FDA Breakthrough Device Designation Granted for Alleviant Medical’s Technology to Treat Chronic Heart Failure

January 25, 2021—Alleviant Medical Inc. announced that the FDA has granted Breakthrough Device designation for the company’s transcatheter technology, which offers a no-implant interatrial shunt therapy for patients with heart failure (HF) with preserved ejection fraction (HFpEF) and midrange ejection fraction (HFmrEF) who remain symptomatic despite optimal guideline-directed medical therapy.

In the company’s announcement, Chief Medical Officer and Cofounder Jacob Kriegel, MD, commented, “Current pharmaceutical options for treating HFpEF/HFmrEF are limited, and patients stand to benefit from additional innovative device therapies. Our technology enables the creation of a therapeutic interatrial shunt, intended to offload elevated left atrial pressure in properly indicated HFpEF/HFmrEF patients, without the need for a permanent cardiac implant. We are currently developing robust clinical evidence through investigational use of this novel therapy and look forward to reporting outcomes from our initial patient series later this year.”

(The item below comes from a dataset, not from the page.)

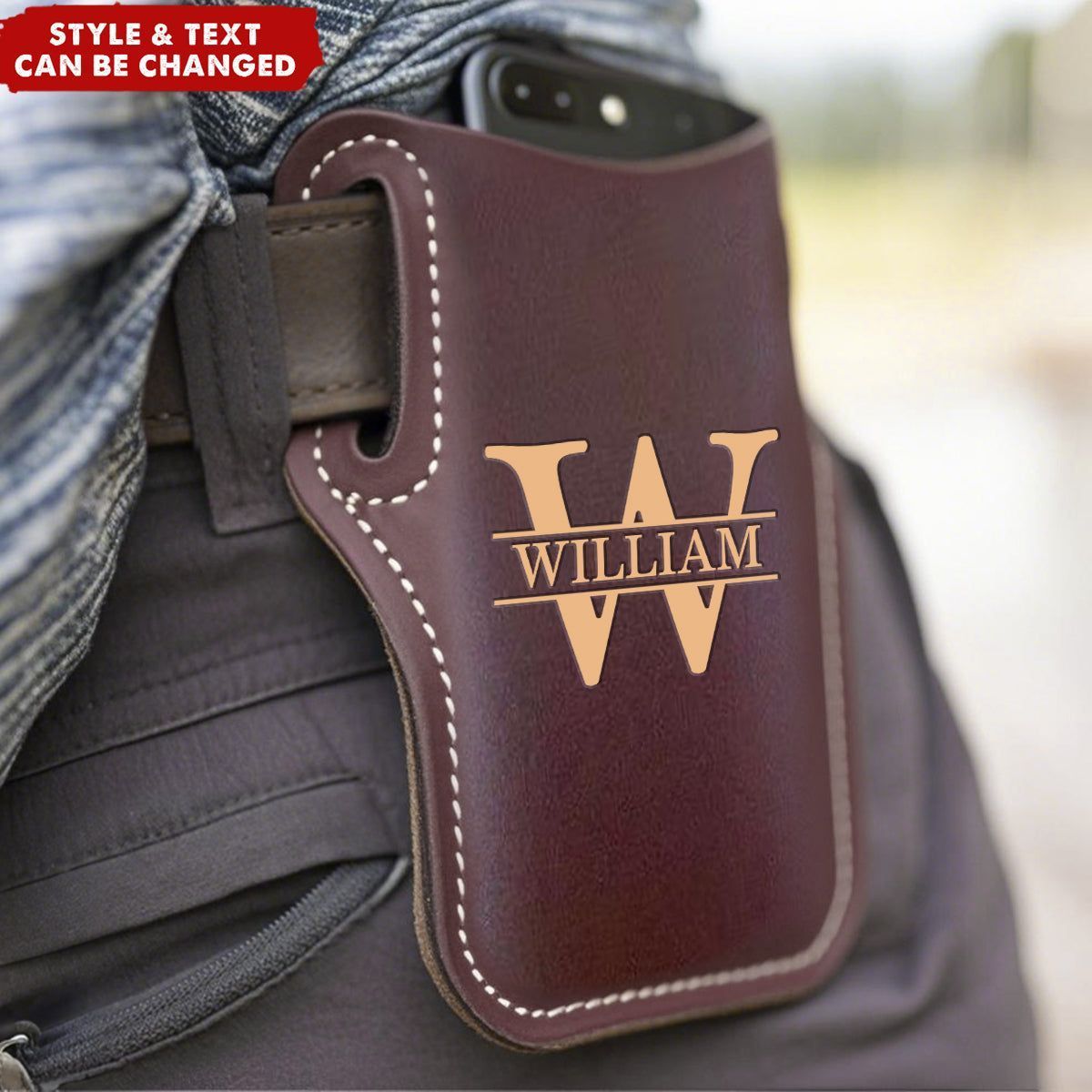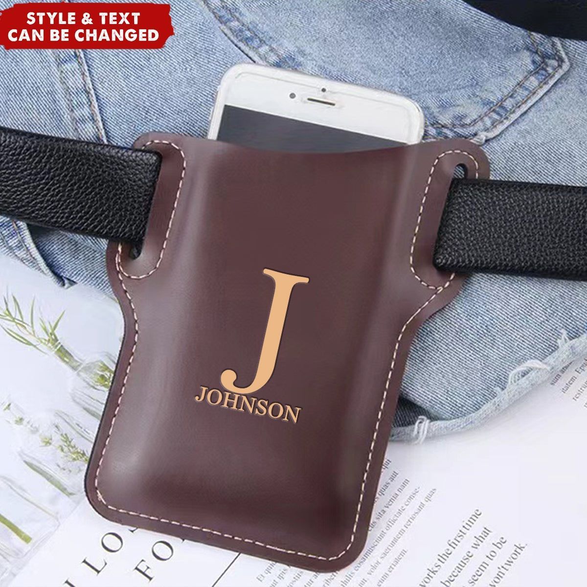 Personaliserade män läder Loop pack väska väska Cellphone bälte midja väskan

The Alleviant Medical technology is under investigational use only and is not available for commercial distribution in the United States or any other market, advised the company.

The FDA Breakthrough Device program creates a pathway for patients to have more timely access to innovative medical devices by expediting their development, assessment, and review while preserving the statutory standards for premarket approval.